Keep Working, Worker Bee!


Today I got to the point in my course when I was finally able to teach my students why you see a big lambda every time you start up DrScheme. As I was explaining it, something clicked for me about why the HTDP curriculum works. As has been said many times before, it's not syntax-based, which is definitely good — you don't want your students thinking that they need a new piece of syntax for every problem or that the kinds of syntax available in language X are somehow a mirror of the kinds of problems in computing. But what's not so obvious is that once you're teaching, you start to realize that it's actually small-step semantics-based. Unlike SICP, which doesn't seem to have much of a unifying pedagogical principle, I've started to realize more and more that the secret weapon of HTDP is that you teach the students a simple algebraic-simplification-based view of program evaluation, and then slowly enrich the set of reduction rules in the language and show them what tricks are possible with those new reductions. That's why the introduction of local (a teaching form for introducing internal definitions) becomes a big deal in HTDP, whereas introducing lambda is not all that big of a deal — local is a new kind of reduction rule that adds definitions to the world; lambda on the other hand just follows the same rules we've been using all along.

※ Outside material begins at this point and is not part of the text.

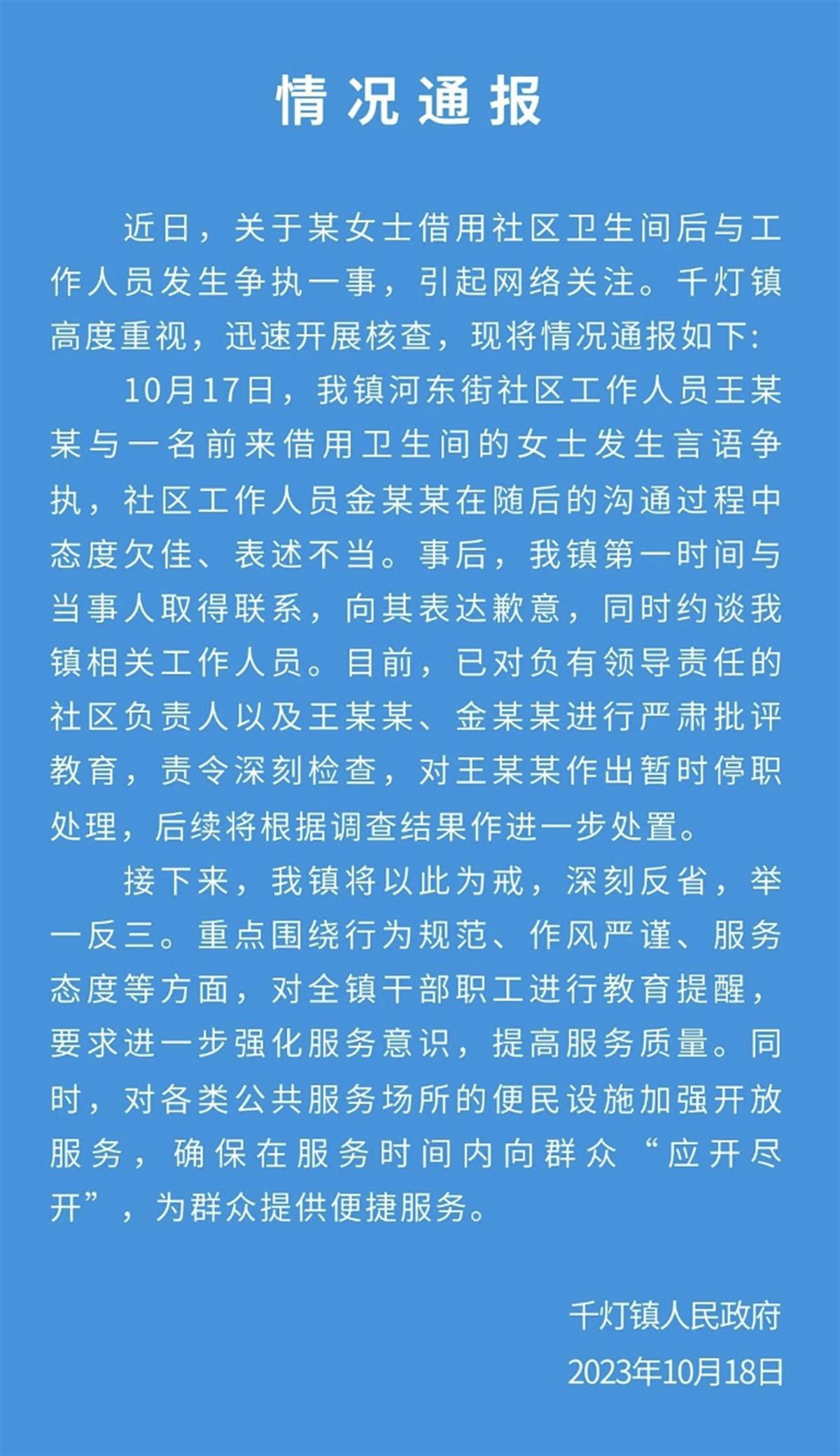 18日晚,千灯镇人民政府对外发布通报称,10月17日,该镇河东街社区工作人员王某某与一名前来借用卫生间的女士发生言语争执,社区工作人员金某某在随后的沟通过程中态度欠佳、表述不当。事后,该镇第一时间与当事人取得联系,向其表达歉意,同时约谈该镇相关工作人员。目前,已对负有领导责任的社区负责人以及王某某、金某某进行严肃批评教育,责令深刻检查,对王某某作出暂时停职处理,后续将根据调查结果作进一步处置。同时,对各类公共服务场所的便民设施加强开放服务,确保在服务时间内向群众“应开尽开”,为群众提供便捷服务。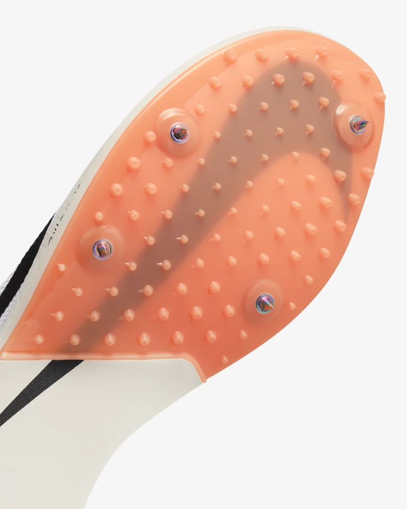 - seulement 4 pointes au lieu de 6 : pour réduire le poids de la chaussure, le métal étant le matériel le plus lourd. Les ingénieurs de la marque américaine se sont aussi rendus compte que 4 pointes suffisaient donc pourquoi en ajouter plus ?

That's not to say that students don't still need to practice and struggle with both local and lambda to figure out how they tick; that's more of a pragmatics issue. But as far as explaining them, when you get to lambda, you just say, "Remember our rule for how to simplify named functions? You do that here too." Then you do an example or two, and pretty soon people are able to feed you the right answers when you ask what to do next and they've got their first handholds on a concept that might otherwise be very very difficult to grasp.

I have appreciated the pragmatics of HTDP, in particular the design-recipe idea, for a long time, and I still have to say that the notion that data leads directly to code is a fantastic first lesson in programming that's underappreciated in most curricula and by many professional programmers. But I hadn't until just today appreciated the powerful impact that taking a very careful look at the semantic model you're teaching your students when you introduce them to programming can have.